347 名前:名無しさん@お腹いっぱい。[sage] 投稿日:2010/11/16(火) 23:16:15 ID:neeiF1vjO
俺の名前は須賀京太郎・・・好きな言葉は成り上がり・・・無論それは嘘だ。俺が通っている清澄高校では麻雀部の一員として日々、部長からの理不尽と言っても差し支えないほどの頻度で買い出しをしている。
今日も部活という名の雑用が終わり、家で一人寂しく居眠りをしようとしていた。
だが、そんな俺に極めて不思議な出来事が起きている。それは、部屋で俺に代わって何故か巫女さんがスヤスヤと眠っているという事だ。
「すぅ・・・すぅ・・・」
その巫女さんはとても可愛らしくそれに胸の方も和に引けを取らないほどにおおき・・・・ゴホン。
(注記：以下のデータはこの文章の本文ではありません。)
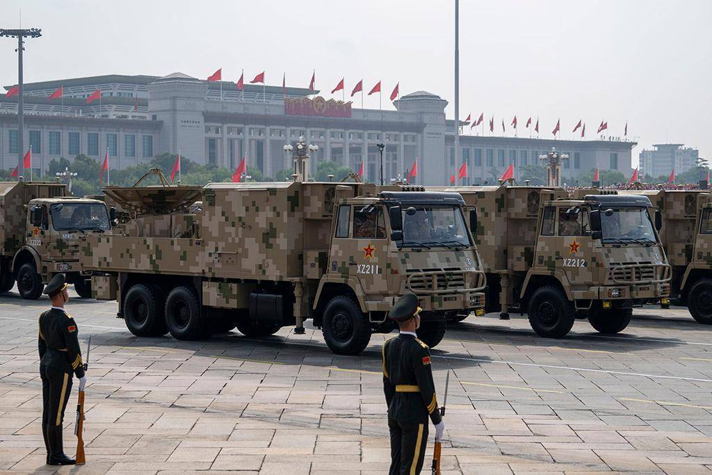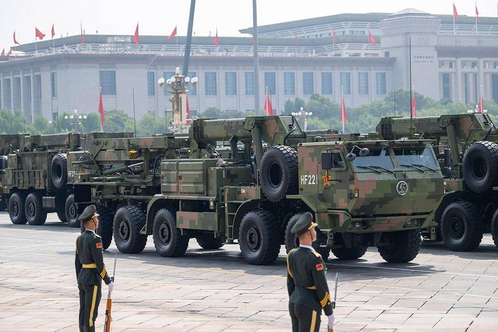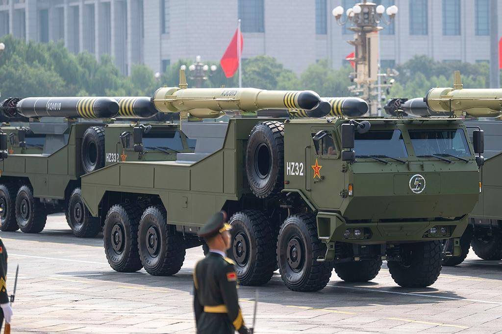 9月3日,纪念中国人民抗日战争暨世界反法西斯战争胜利80周年大会在北京隆重举行。图为高超声速导弹方队接受检阅。

そんな事よりもこの状況はなんだ?何ゆえ巫女さんが俺の家にいて、何ゆえ俺のベッドで寝ている?
どうするべきか・・・気持ち良さそうに寝ている巫女さんを起こすのも気がひけるし、起きた時に何を言ったら良いのか皆目検討もつかない。
しかし、このままにしておく訳にもいかないし一体どうしたら良いのか。
俺は巫女さんに目をやりつつも思案にくれてしまった。
「う・・・ん・・・」
巫女さんが甘い声をあげながら身体を震わせる。まずい、今の巫女さんの行動・・・ドキッとしてしまった。
我を失ってしまった俺はもっと巫女さんの顔を見たくなってしまい、彼女の寝息がかかりそうな距離まで自分の顔を近付けていく。
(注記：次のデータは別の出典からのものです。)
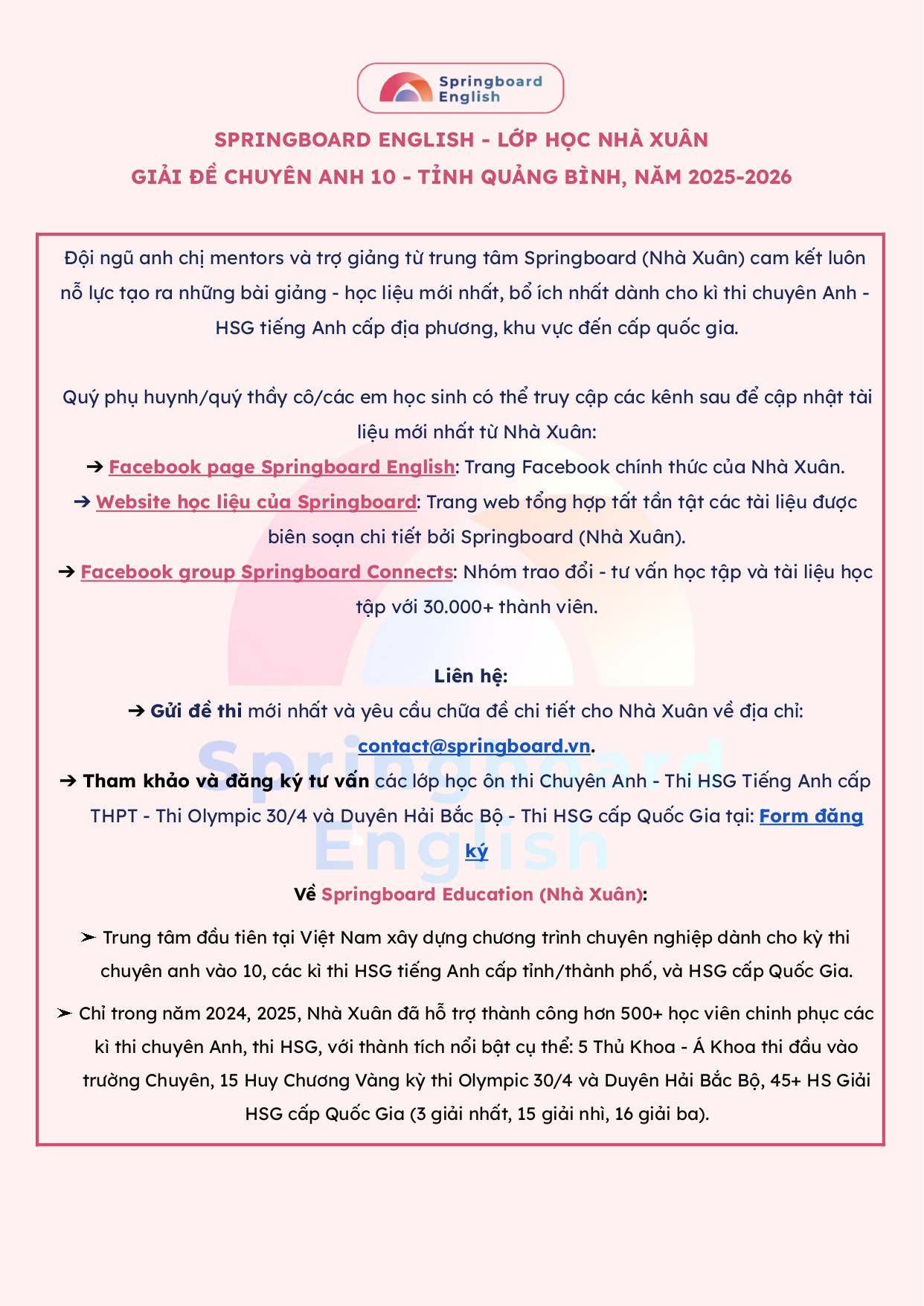 - Gửi đề thi mới nhất cho Nhà Xuân về địa chỉ: contact@springboard.upmedia.vn

と、今まで寝ていた巫女さんの目が大きく開いた。突然の出来事に俺はその場に固まってしまう。
巫女さんの瞳はとても綺麗でまるで宝石のようだ・・・じゃなくて、これはまずいぞ。
この状況では俺が巫女さんに対して不埒な事をしようとしているみたいではないか。どうする?どうするよ俺。
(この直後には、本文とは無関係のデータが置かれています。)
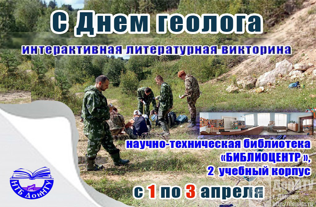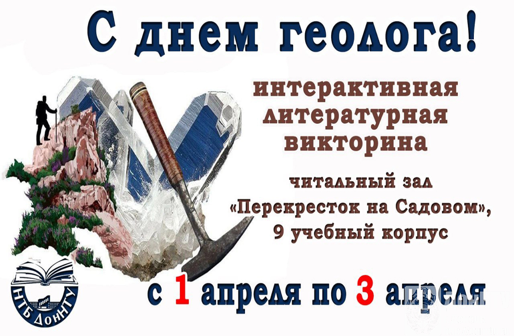 - принять участие в интерактивных литературных викторинах «С Днем геолога» («БИБЛИОЦЕНТР», 2 учебный корпус и читальный зал «Перекресток на Садовом», 9 учебный корпус, с 1 по 3 апреля);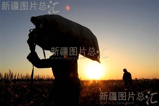 2013年10月26日,新疆哈密市现代农业园区采棉工扛着刚采摘的新棉走出棉田。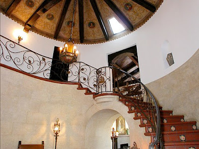 • 2-story grand entry with sweeping wrought iron circular staircase and stenciled beams.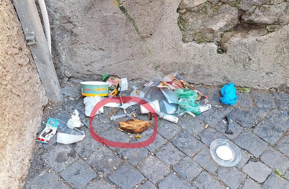 Siringhe a terra in via Macel Gattesco, in pieno centro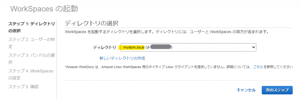 次に、前回作成した AD Connector として作成したディレクトリ「mydom.local」を選択します。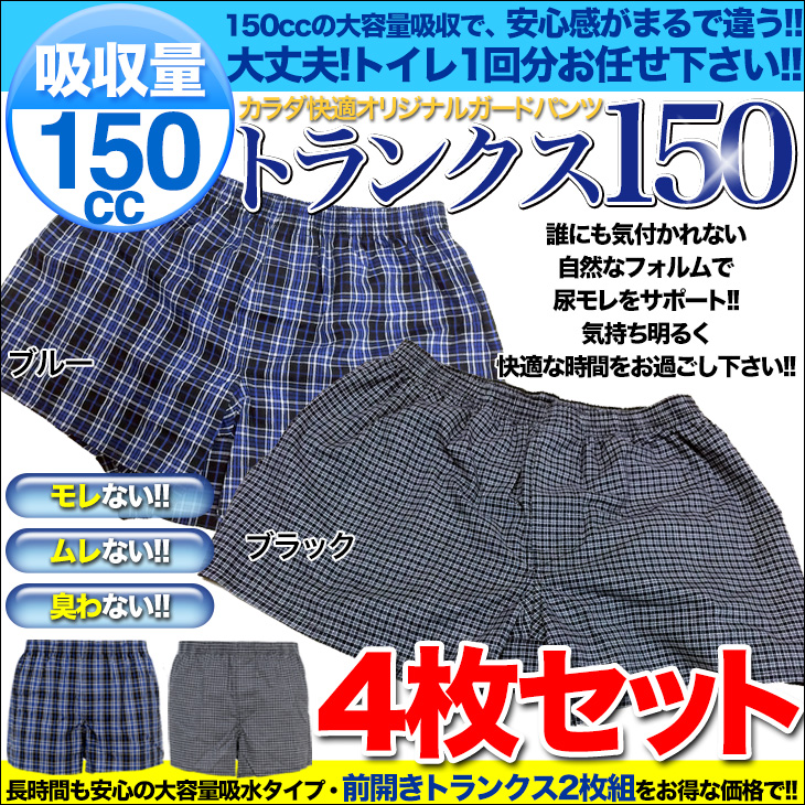 失禁パンツ 尿もれパンツ 4枚組 送料無料 当日発送 男性用 メンズ 吸収量150cc 尿漏れ対策、失禁対策に 綿100%

「あ、あの・・・その・・・おはようございます・・・」
俺は顔を離し、慌てた様子でとりあえず挨拶をしてみた。巫女さんはしばらくジッと俺の顔を眺めていたが、やがてニッコリと微笑み言葉を放った。
「おはようございます京太郎様。あなたを楽しみに待っているうちに思わず寝てしまいました・・・ごめんなさい」
巫女さんは身体をゆっくりと起こしペコリと頭を下げた後、再びニコッと笑みを浮かべる。
ダメだ、可愛過ぎる。寝ている時も可愛らしかっがこうして改めて見るとさらに可愛いぞ。
しかし、待っていたとはどういう事だ?俺は巫女さんと会う約束をした覚えはないし・・・・とりあえず聞いてみるか。
「あの・・・つかぬことをお聞きしますが、あなたはどちら様でしょうか?」
「・・・・・」
返事がない。巫女さんはさっきまで見せていた笑顔とは一転、悲しそうな表情を浮かべた。
何かまずい事でも言ってしまったか俺?けれど、不謹慎ながらも悲しそうにしている顔もまた可愛い。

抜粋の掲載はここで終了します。